No. Suppose $G$ is an uncountable group. Every element $g$ of $G$ belongs to a countable subgroup of $G$, namely the cyclic subgroup $\langle g\rangle$. Thus $G$ is the union of all of its countable subgroups. Since a countable union of countable sets is countable, $G$ must have uncountably many countable subgroups.
EDIT: bof's answer is the right one, but the construction below - while completely pointless overkill - is still an example of a useful technique, so I'm leaving this answer up.
No, this cannot happen.
Suppose $G$ is a group and $A$ is a countable subset of $G$. Then the closure of $A$ under the group operations ($*$ and $^{-1}$) of $G$, $\langle A\rangle$, is again countable - this is a good exercise (HINT: the set of finite strings from a countable set is countable).

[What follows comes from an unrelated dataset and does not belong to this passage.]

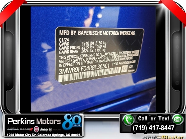 Portimao Blue Metallic AWD 2.0L 4-Cylinder DOHC 16V Turbocharged 8-Speed Automatic Sport<br><br>AWD, Active Blind Spot Detection, Active Driving Assistant, Aerodynamic Kit, Comfort Access Keyless Entry, Connected Package Pro, Convenience Package, Driving Assistance Package, Enhanced USB & Bluetooth Plus Smartphone Integration, Frontal Collision Warning, Increased Top Speed Limiter, Lane Departure Warning System, Lumbar Support, M Sport Package, M Sport Package (337), M Sport Suspension, M Steering Wheel, Navigation, Navigation System, Park Distance Control, Rear Spoiler, Shadowline Exterior Trim, Variable Sport Steering, Wheels: 19 x 8 Fr & 19 x 8.5 Rr M Double-Spoke, Wireless Device Charging, Without Lines Designation Outside.<br><br><br>CARFAX One-Owner. Clean CARFAX.<br><br>Check us out at www.perkinsmotors.com to see our specials! Since opening our doors in 1944, we’ve been proud to serve Colorado Springs, CO, and the surrounding areas of Pueblo, Castle Rock and Denver, CO. Throughout this time of being family owned for 80 years, we’ve maintained a firm commitment to our customers: to offer a wide selection of New Chrysler, Dodge, Fiat, Jeep, and Ram vehicles and quality pre-owned vehicles, and provide a quick, no-hassle car-buying process that ensures everyone drives off the lot satisfied with their purchase.<br><br><br>Connected Package Pro, Convenience Package (Comfort Access Keyless Entry, Enhanced USB & Bluetooth Plus Smartphone Integration, Lumbar Support, and Wireless Device Charging), Driving Assistance Package (Active Blind Spot Detection, Active Driving Assistant, Frontal Collision Warning, Lane Departure Warning System, and Park Distance Control), M Sport Package (Aerodynamic Kit, Increased Top Speed Limiter, M Sport Suspension, M Steering Wheel, Rear Spoiler, Shadowline Exterior Trim, Variable Sport Steering, Wheels: 19 x 8 Fr & 19 x 8.5 Rr M Double-Spoke, and Without Lines Designation Outside), M Sport Package (337), AWD, Navigation, Navigation System, 10 Speakers, 4-Wheel Disc Brakes, ABS brakes, Air Conditioning, Alloy wheels, AM/FM radio: SiriusXM, Apple CarPlay & Android Auto Compatibility, Apple CarPlay Compatibility, Auto High-beam Headlights, Auto-dimming door mirrors, Auto-dimming Rear-View mirror, Automatic temperature control, BMW Assist eCall, BMW TeleServices, Brake assist, Bumpers: body-color, Compass, ConnectedDrive Services, Cruise Control, Delay-off headlights, Driver door bin, Driver vanity mirror, Dual front impact airbags, Dual front side impact airbags, Electronic Stability Control, Emergency communication system: BMW Assist eCall, Extended Shadowline Trim, Exterior Parking Camera Rear, Four wheel independent suspension, Front anti-roll bar, Front Bucket Seats, Front Center Armrest, Front dual zone A/C, Front reading lights, Fully automatic headlights, Garage door transmitter, Genuine wood console insert, Genuine wood dashboard insert, Heated door mirrors, Heated Front Seats, Heated Steering Wheel, Hi-Fi Sound System, Illuminated entry, Knee airbag, Leather Shift Knob, Leather steering wheel, Low tire pressure warning, Memory seat, Occupant sensing airbag, Outside temperature display, Overhead airbag, Panic alarm, Passenger door bin, Passenger vanity mirror, Perforated Sensatec Upholstery, Power door mirrors, Power driver seat, Power Front Seats, Power moonroof, Power passenger seat, Power steering, Power Tailgate, Power windows, Radio data system, Radio: AM/FM Audio System, Rain sensing wipers, Rear air conditioning, Rear anti-roll bar, Rear reading lights, Rear seat center armrest, Rear window defroster, Remote keyless entry, Security system, SiriusXM w/360L & 1 Year Platinum Plan Subscription, Speed-sensing steering, Speed-Sensitive Wipers, Split folding rear seat, Sport Seats, Sport steering wheel, Steering wheel mounted audio controls, Tachometer, Telescoping steering wheel, Tilt steering wheel, Traction control, Trip computer, Turn signal indicator mirrors, Variably interm

With this in hand, if $G$ is an uncountable group we can build an uncountable chain of subgroups of $G$, as follows:
We will define a countable subgroup $A_\delta$ for every countable ordinal $\delta$. There are uncountably many of these, so if we can do this we'll be done.
We let $A_0$ be the trivial subgroup.
Having defined $A_\eta$ for every $\eta<\delta$, we let $a$ be some element of $G$ not in $\bigcup_{\eta<\delta}A_\eta$ - which exists, since this is a countable union of countable subgroups, and $G$ is uncountable - and let $A_\delta=\langle (\bigcup_{\eta<\delta}A_\eta)\cup\{a\}\rangle$.
It's easy to prove by transfinite induction that $(A_\delta)_{\delta<\omega_1}$ is a strictly increasing chain of countable subgroups of $G$, so we're done.